Imho, VMs doesn't help building *better* software ... they help building acceptable software *faster* (which is a gift to anyone having to work on a schedule :) )

Re:Why VMs are good, mmmmkay

Posted: Sat Apr 02, 2005 4:26 am
by AR
Colonel Kernel wrote:Why I like VMs #1: Memory protection
...
I'll concede this point, but it is up to the individual programmer whether or not they want the imposed type safety, C/C++ is more 'free' for lack of a better term.
Colonel Kernel wrote:Why I like VMs #2: Garbage collection
...
Garbage collection is mixed, to put it in a different light: do you prefer a program that doesn't leak by design or one that has a large safety net to occasionally cleanup memory allocations that the programmer didn't bother handling himself, meaning wasting memory until the GC decides to run? [In normal operation, wasting memory like this may not be too severe but if it's a server for instance that suddenly comes under heavy load then you've got to wait for the GC to cycle through everything and release the memory so the incoming tasks can be handled, then keep cycling the GC every minute or two as finished tasks need to be collected to make room for new tasks, the overall throughput is reduced]
On a related note, why does Java and .Net feel they need to eat most of the computer's resources? I use Azureus for BitTorrent downloads and it consumes 110MB, that is 10% of my 1GB of RAM. I consider that to be extremely bloated since I have full 3D games that operate with less memory than that. I also wrote an appointment tracker in .Net once, it was extremely small, about 300 lines but it consumed 20MB at any given point. Allocating may be fast but if my system will be overloaded with only 10 programs running then they better start handing out RAM chips for free.

As Pype said, these tools let you write software faster which is what RAD is for, but I doubt they are going to replace machine code languages, at least not unless they can run it directly on the hardware (I've heard you can get a Java extension card but that's like being forced to pay for someone else's mistake). I'm wondering how java handles 3D stuff now, since by java's extreme abstraction, would you even be allowed to use machine code pixel and vertex shaders...?

A VM adds additional layers to what we already have so you'll end up with: Hardware>Kernel>Drivers>Services>System Libraries>Virtual Machines>Virtual Machine Libraries>Applications
Every tool has a use but I doubt VMs will be the killer "do everything" tool, they, like Visual Basic, are great for creating a quick solution to a small problem but also like VB, you wouldn't use it in a large scale project.

Something that interests me though is that since VMs impose heavy abstraction from the OS, why did Microsoft create .Net to begin with? The only major (double-edged) advantage that I know of in VMs is that what you're running on doesn't matter so Microsoft has effectively weakened their own hold on the OS market by pushing their developers onto .Net since .Net apps can run on Mono on Linux, you could even support .Net apps that use Windows APIs by combining Mono with Wine, it should be easier than supporting full machine code Windows apps.
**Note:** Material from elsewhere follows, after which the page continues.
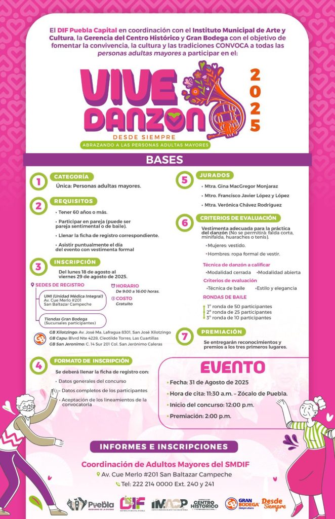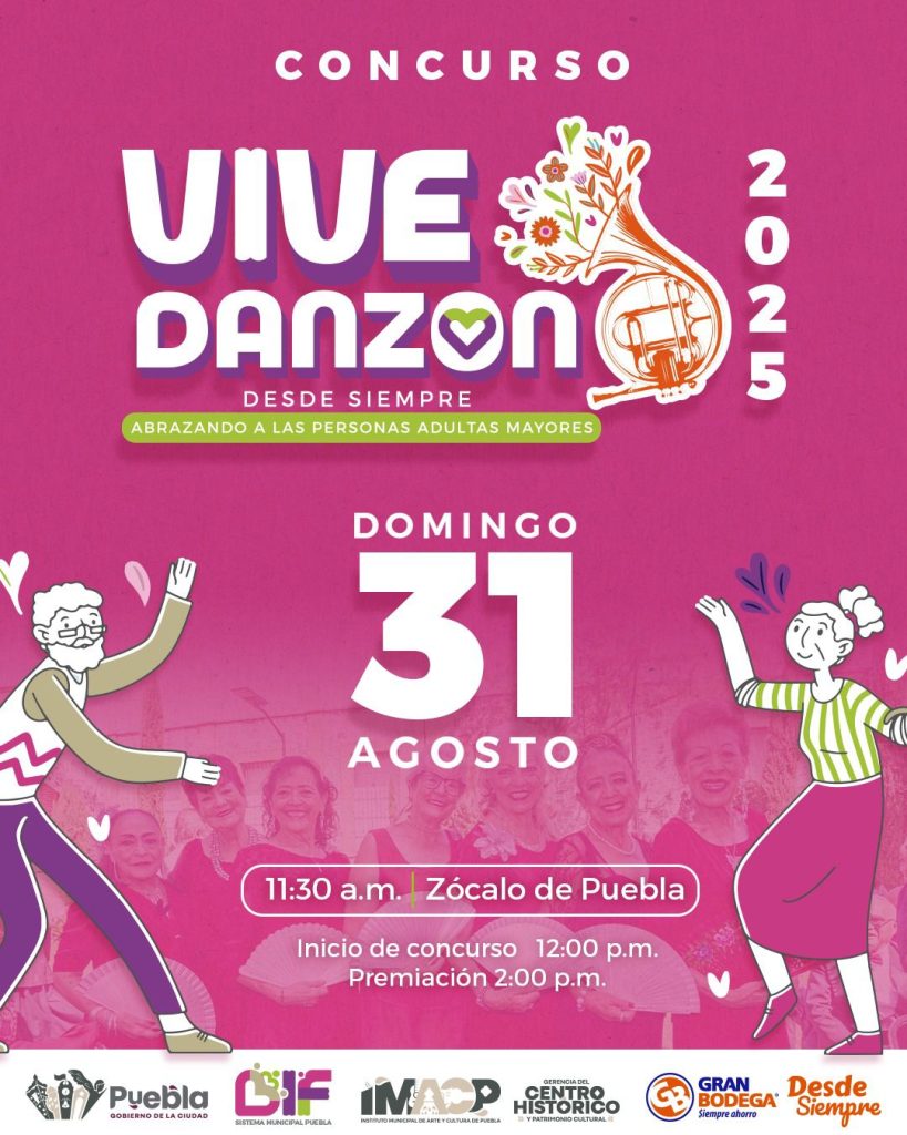 Puebla, Pue., 20 de agosto de 2025.- Como parte del compromiso que tiene la presidenta del Patronato del DIF Puebla Capital, MariElise Budib por apoyar y reconocer la labor de las personas adultas mayores, y en coordinación con el Instituto Municipal de Arte y Cultura (IMACP), la Gerencia del Centro Histórico y Gran Bodega, se llevará a cabo el primer “Vive Danzón: Desde siempre abrazando a las personas adultas mayores”, el próximo domingo 31 de agosto a las 12:00 horas en el Zócalo.

They mentioned that it will enable games to run on consoles (read XboX2) or PC (read Windows) but their XNA thing should allow C++ code to be built for both targets but the risk to their monopoly brought by allowing unmodified binaries to run on Linux shows that they may have gone insane.

Re:Why VMs are good, mmmmkay

Posted: Sat Apr 02, 2005 4:53 am
by Curufir
This is something I was toying with a few months back (As with so many projects I haven't got around to it yet :)). The big selling point for me was removing the delay for ring transitions, some aspects of scheduling and a unified address space. My design was inspired by MUD drivers, some of which have quite sophisticated GC. However I'm still worried about speed, and how much of the VM is simply replicating (In software) the available hardware functionality.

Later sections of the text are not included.